__Your goal__: Only the lines from the one containing "- Fiber Optic" to the end of the data should be copied, exactly and without pictures.

__Supplied information__:
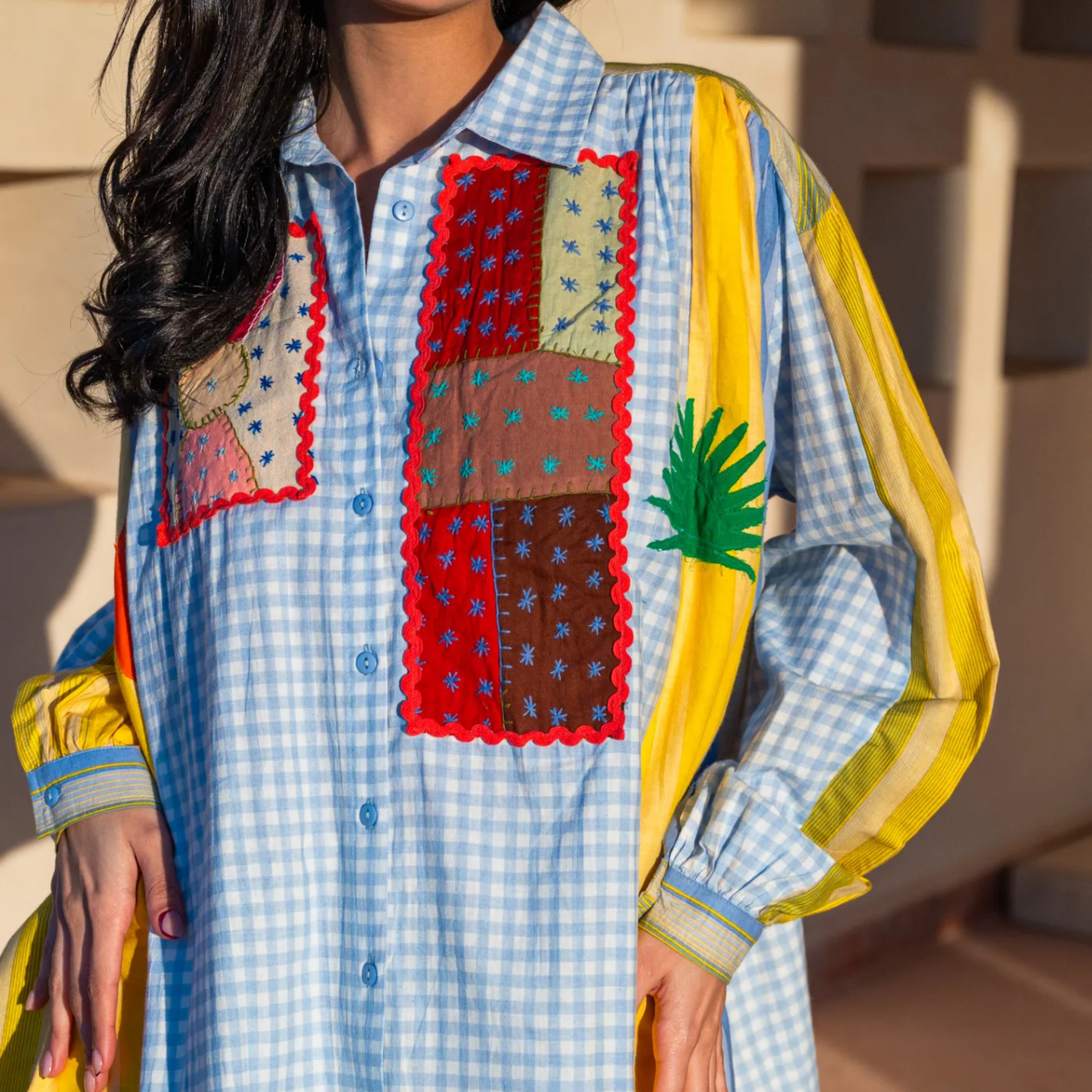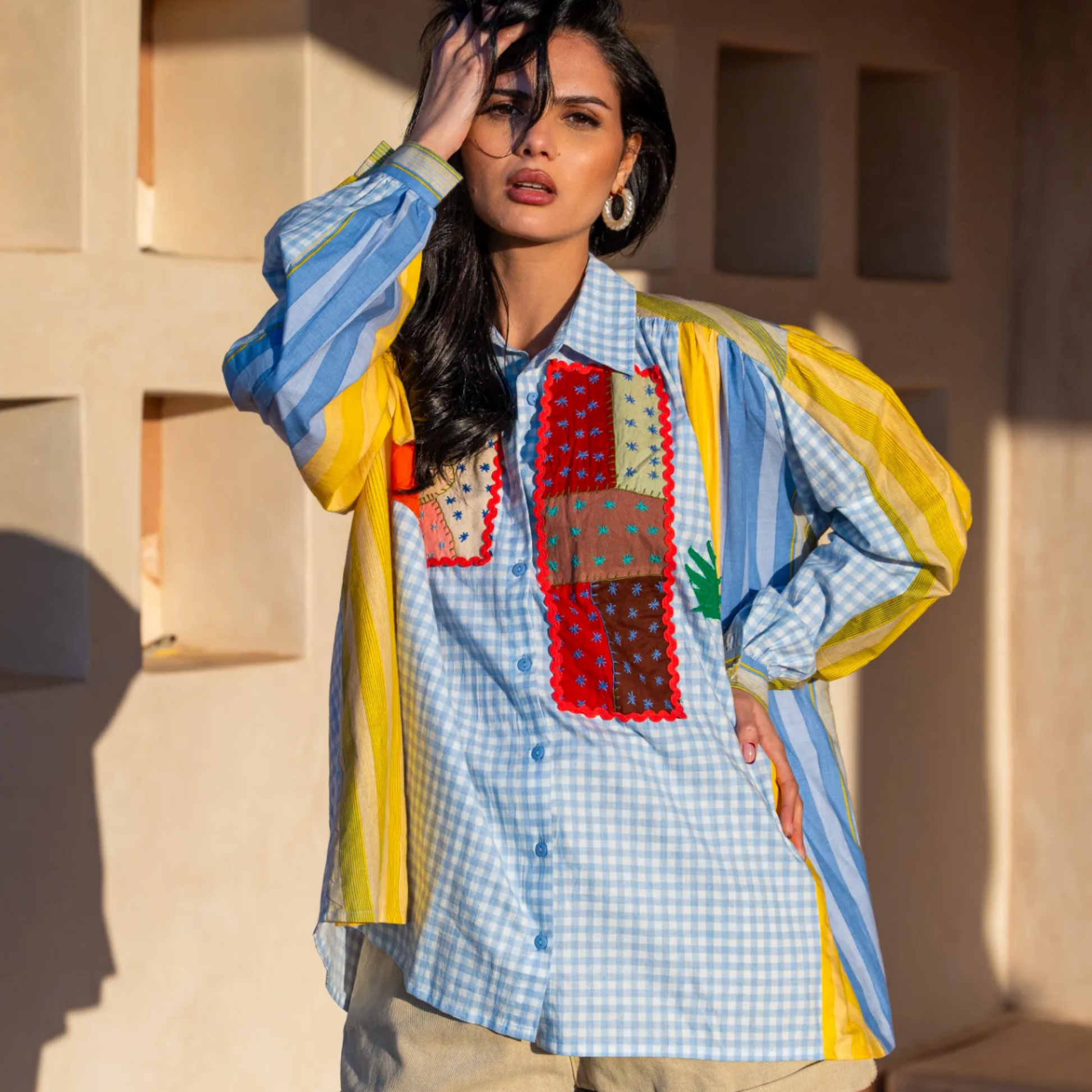 La chemise patchwork allie style original et confort. Confectionnée en 100% coton, sa coupe fluide et légère assure un porté agréable tout au long de la journée.
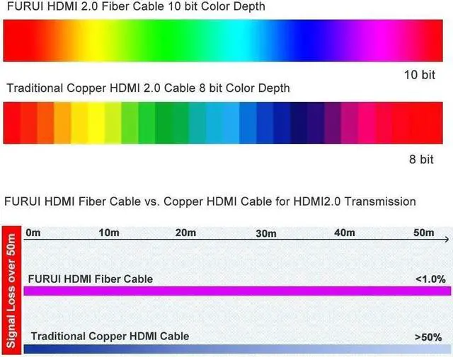 - Fiber Optic HDMI 2.0 Cable is the best long reach HDMI(4K@60Hz subsampling 4:2:0/4:2:2/4:4:4) (16 bit for 4:4:0/ 12 bit for 4:2:2/ 8 bit for 4:2:4 color depth) interconnection solution on the market
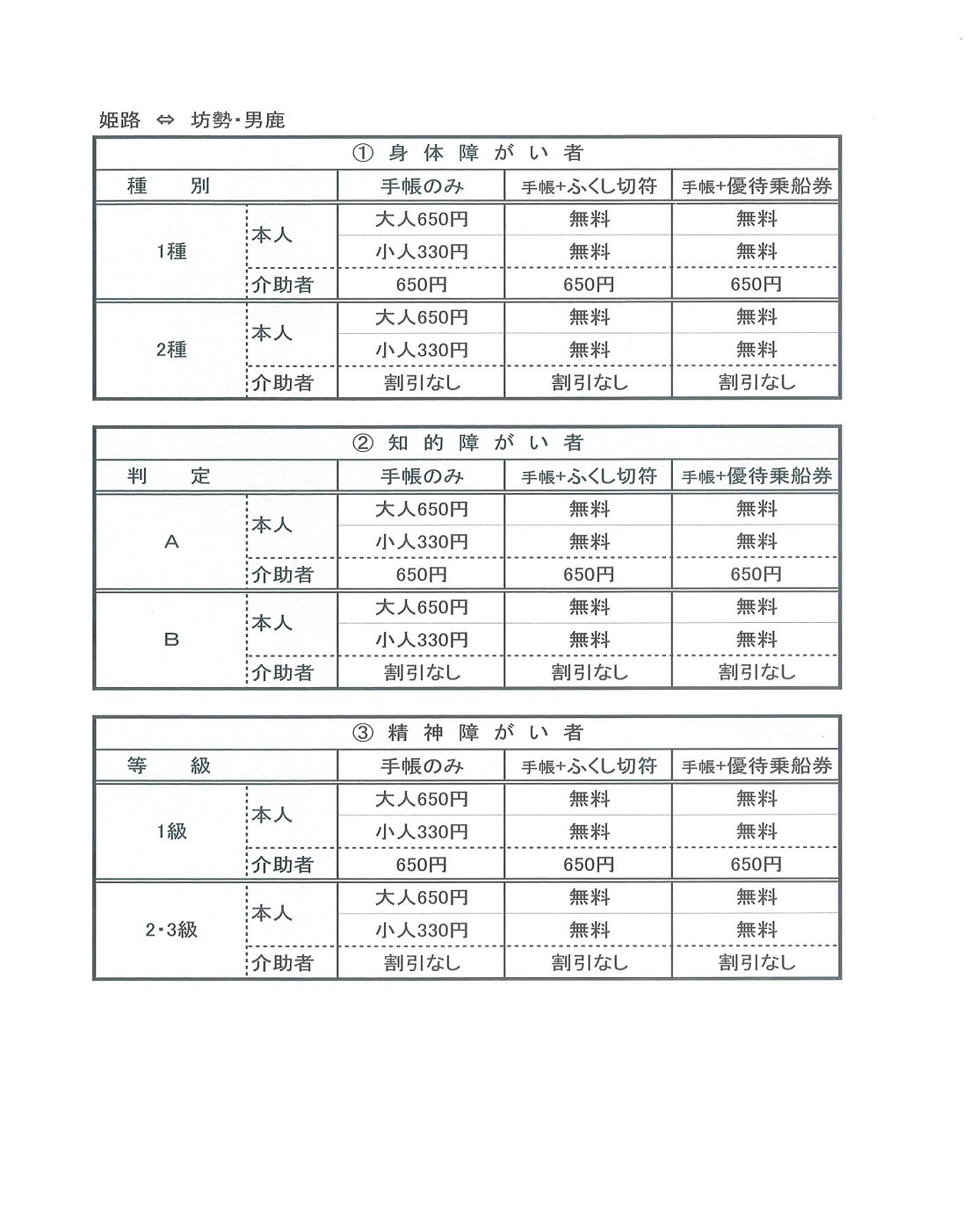 ・介助者については、障がい者1名について当社において介護能力があると認めた介助者1名が当該障がい者と同一区間を同一便で乗船する場合に適応となり、必ず2名揃っての乗船をお願いいたします。
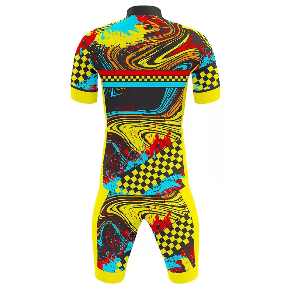 Discover premium cycling skinsuits from Colaro Sports, the leading manufacturer of high-performance cycling skinsuits designed for champions. Colaro Sports sublimation cycling speedsuit. This wild yellow-based custom cycling uniform features swirling abstract patterns, red-blue paint splatters, checkerboard bands, and teal stripes. Short-sleeve, short-leg race cut with permanent vibrant colors.

__Output__:
 - Fiber Optic HDMI 2.0 Cable is the best long reach HDMI(4K@60Hz subsampling 4:2:0/4:2:2/4:4:4) (16 bit for 4:4:0/ 12 bit for 4:2:2/ 8 bit for 4:2:4 color depth) interconnection solution on the market
 ・介助者については、障がい者1名について当社において介護能力があると認めた介助者1名が当該障がい者と同一区間を同一便で乗船する場合に適応となり、必ず2名揃っての乗船をお願いいたします。
 Discover premium cycling skinsuits from Colaro Sports, the leading manufacturer of high-performance cycling skinsuits designed for champions. Colaro Sports sublimation cycling speedsuit. This wild yellow-based custom cycling uniform features swirling abstract patterns, red-blue paint splatters, checkerboard bands, and teal stripes. Short-sleeve, short-leg race cut with permanent vibrant colors.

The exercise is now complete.